Exercise details - Copy from the first line below down to and including the line with "講演では「お米の生産から消費". Skip the pictures.

Supplied material -
Content starts
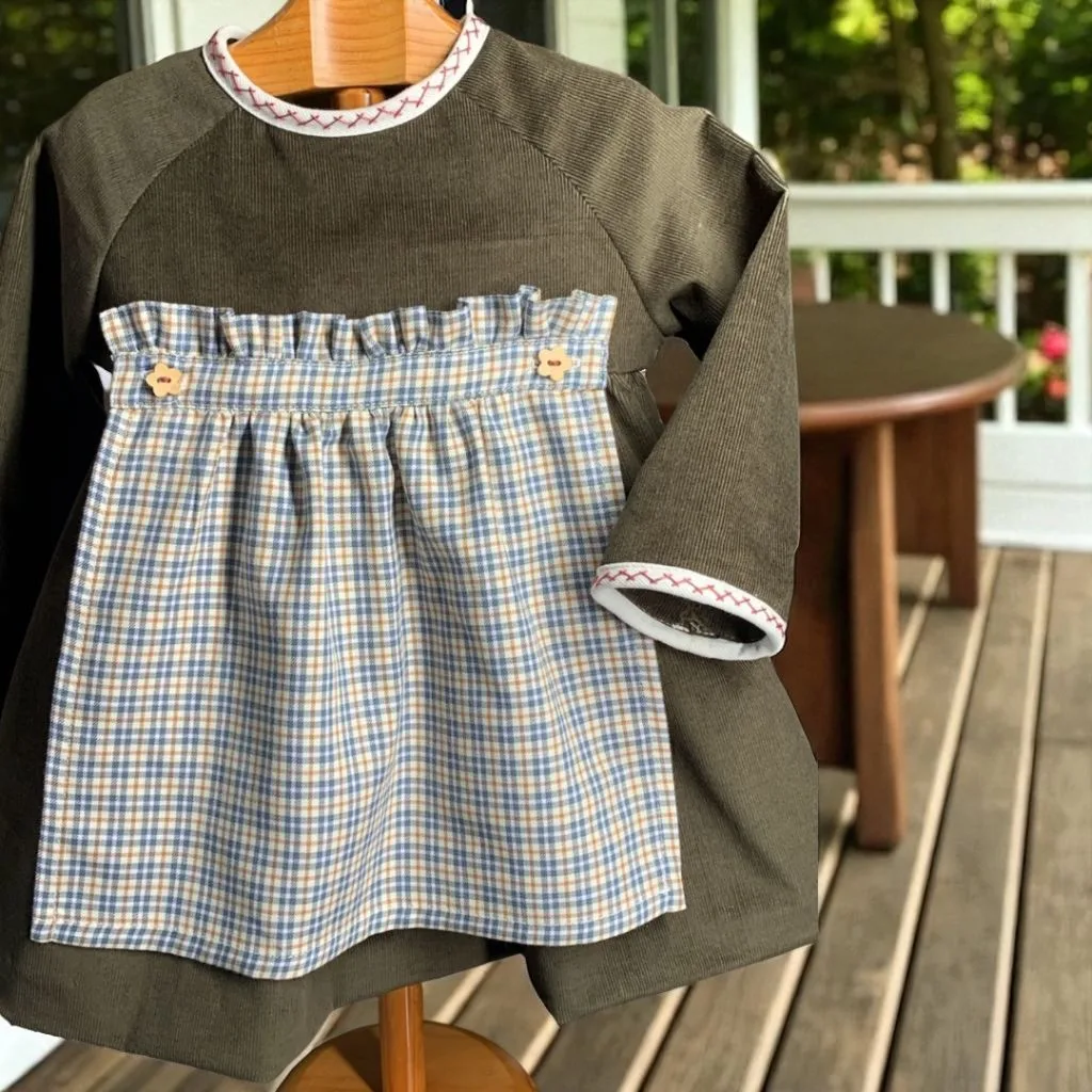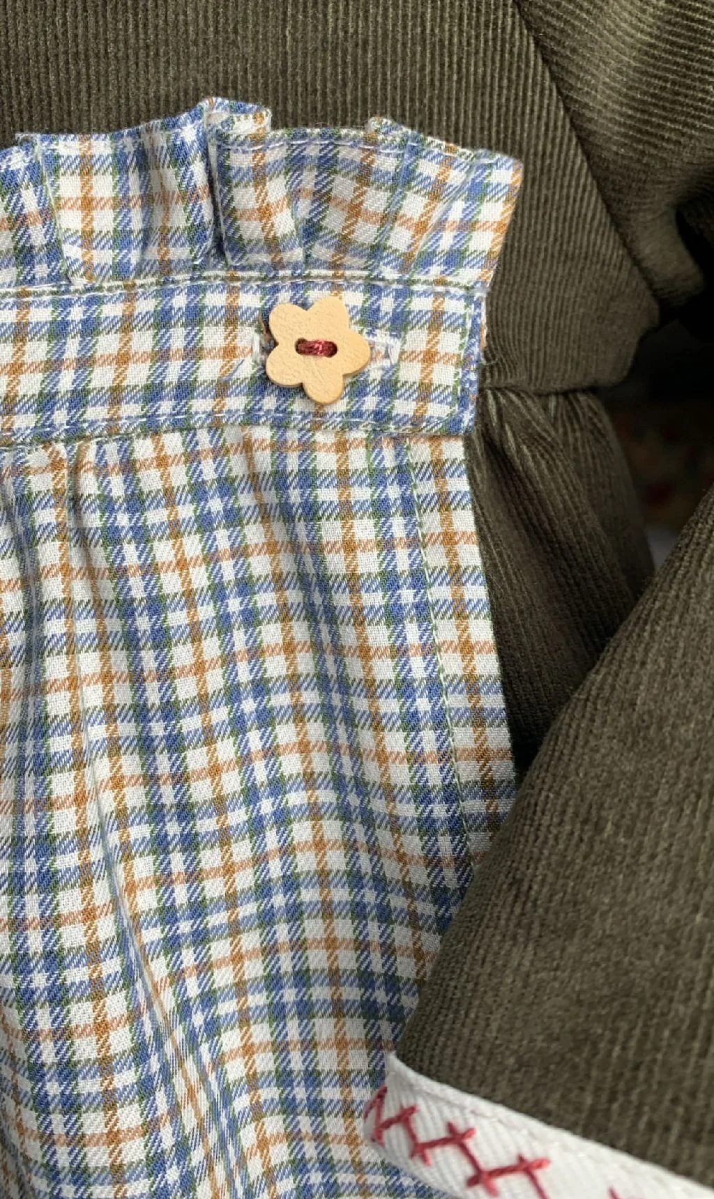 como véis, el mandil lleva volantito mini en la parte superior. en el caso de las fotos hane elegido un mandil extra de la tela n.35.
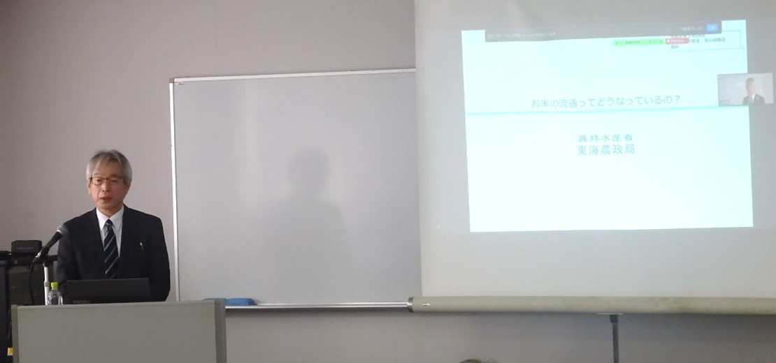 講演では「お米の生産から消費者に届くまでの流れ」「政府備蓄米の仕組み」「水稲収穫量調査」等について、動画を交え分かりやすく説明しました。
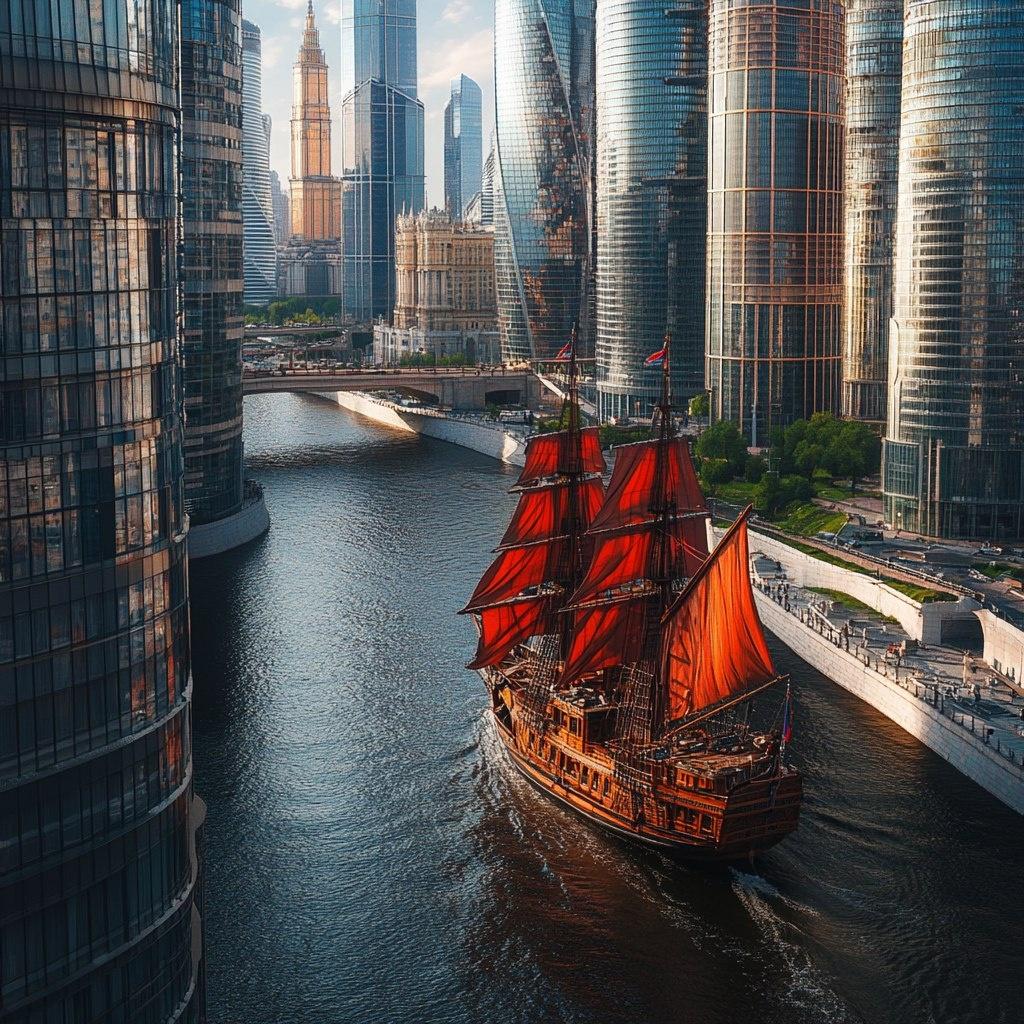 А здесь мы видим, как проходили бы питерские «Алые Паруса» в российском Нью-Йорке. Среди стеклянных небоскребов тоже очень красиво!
Content ends
Answer area -
 como véis, el mandil lleva volantito mini en la parte superior. en el caso de las fotos hane elegido un mandil extra de la tela n.35.
 講演では「お米の生産から消費者に届くまでの流れ」「政府備蓄米の仕組み」「水稲収穫量調査」等について、動画を交え分かりやすく説明しました。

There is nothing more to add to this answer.